INFORMATION SHOWN:
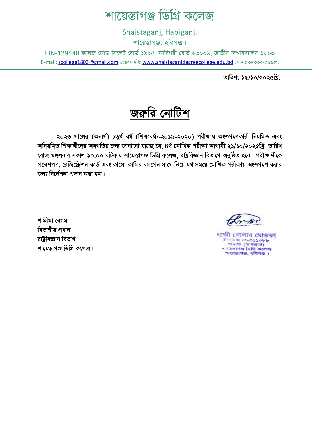 অনার্স বিভাগের রাষ্ট্রবিজ্ঞান বিষয়ের ২০২৩ সালের ৪র্থ বর্ষ পরীক্ষার্থীদের মৌখিক পরীক্ষা সংক্রান্ত জরুরি নোটিশ।
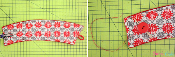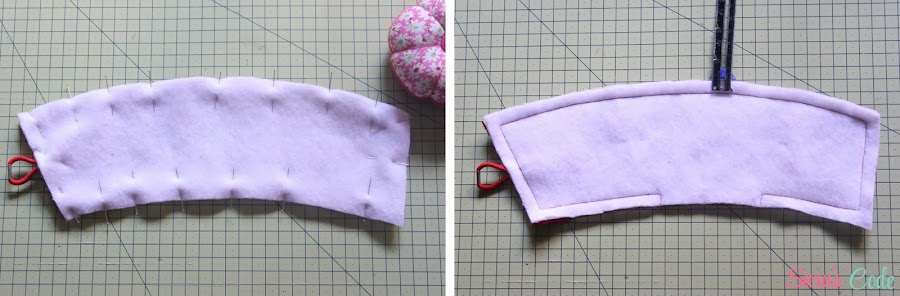 ? Sujetamos con un alfiler la goma de pelo a uno de los lados más pequeños del forro.
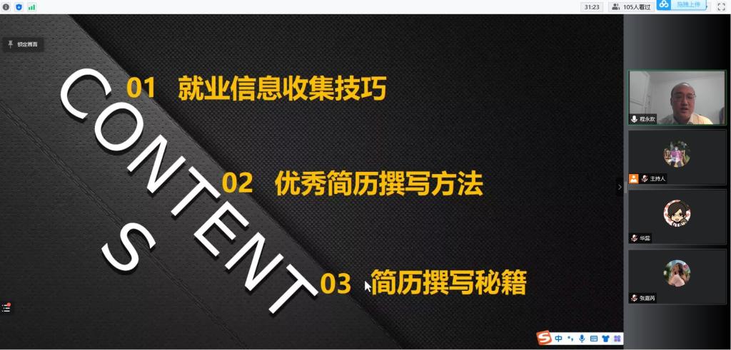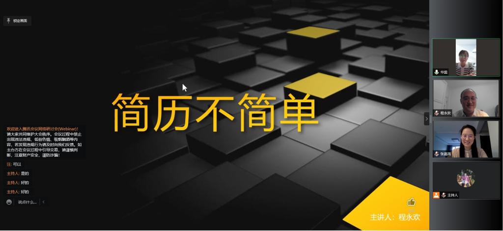 本次会议邀请到程永欢老师,程永欢老师是《大学生职业生涯导航讲座》公益讲师,曾多次受邀到多所高校进行就业指导,具有多年校园招聘服务行业经验。会议伊始,程永欢老师向大家介绍了就业信息收集技巧,包括就业流程,简历使用场景等;然后向大家具体讲述了优秀简历撰写方法,针对于简历的必要组成因素,特别强调了简单明了和数据量化的重要性;最后向大家讲解了自己多年来积累的个人简历技巧。
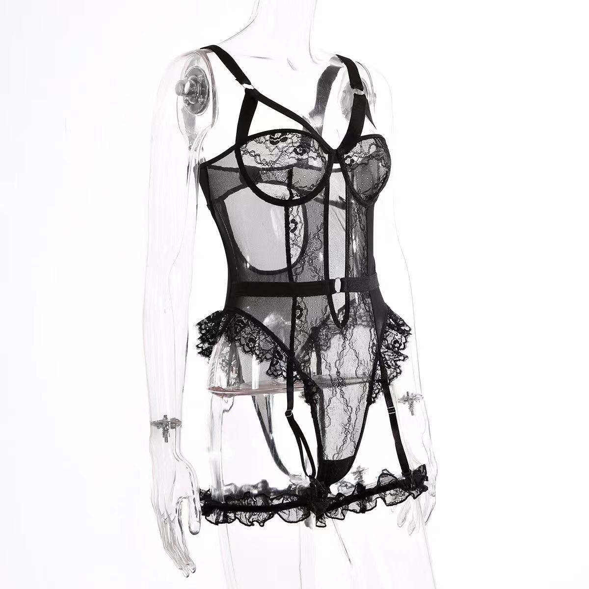 유럽과 미국의 해외 무역 섹시 속옷, 여성용 레이스 메쉬 섹시 슬립 원피스, 다리끈이 있는 섹시한 속이 비치는 디자인스토어 가기
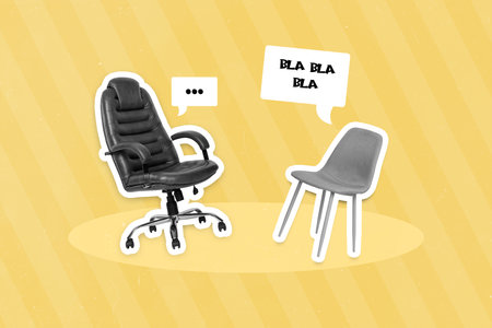 Creative photo collage promotion of two interior decoration chair talking conversation alive furniture chatterbox sale isolated on beige background
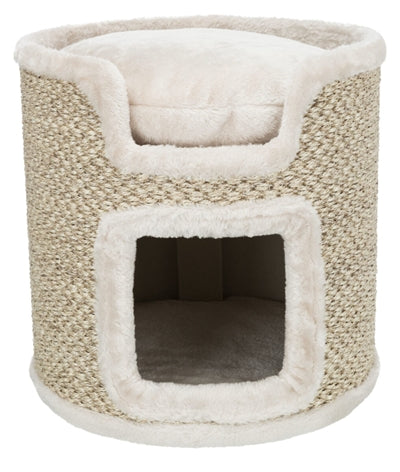 De Trixie Krabton Ria Krabpaal Lichtgrijs/Natuur van 37X37X37 cm is een ronde krabton voor de kat met sisal krabvlakken, schuilplaats, kussen en gevoerde ligplateaus. Een heerlijke eigen plek voor jouw kat hoeft niet te veel ruimte in te nemen, dat bewijst deze leuke krabton van Trixie. Krabton Ria is een compacte krabpaal voor de kat met twee verdiepingen. De ligplateaus zijn gevoerd voor meer comfort en het bijgeleverde wendbare kussen zorgt ervoor dat jouw kat heerlijk zacht kan wegdromen. De schuilplaats onderop is bekleed met lekker zacht pluche en fleece en aan de buitenkant is de ton bekleed met sisal, om jouw kat genoeg krabmogelijkheden te bieden. Krabben is een natuurlijke behoefte voor de kat, dus zorgt altijd voor voldoende mogelijkheden om te voorkomen dat jouw kat aan het meubilair begint!
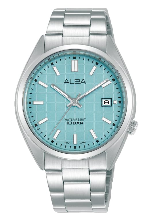 Alba - البا ساعة اكتيف من الستانلس ستيل بمينا منقوش بلون ازرق فاتح للنساء AG8M37X

TASK REQUIREMENTS: Within the listing above, extract exactly the lines that run from the one containing "유럽과 미국의 해외 무역" through the one containing "Creative photo collage", excluding any pictures.

SOLUTION TO THIS EXERCISE:
 유럽과 미국의 해외 무역 섹시 속옷, 여성용 레이스 메쉬 섹시 슬립 원피스, 다리끈이 있는 섹시한 속이 비치는 디자인스토어 가기
 Creative photo collage promotion of two interior decoration chair talking conversation alive furniture chatterbox sale isolated on beige background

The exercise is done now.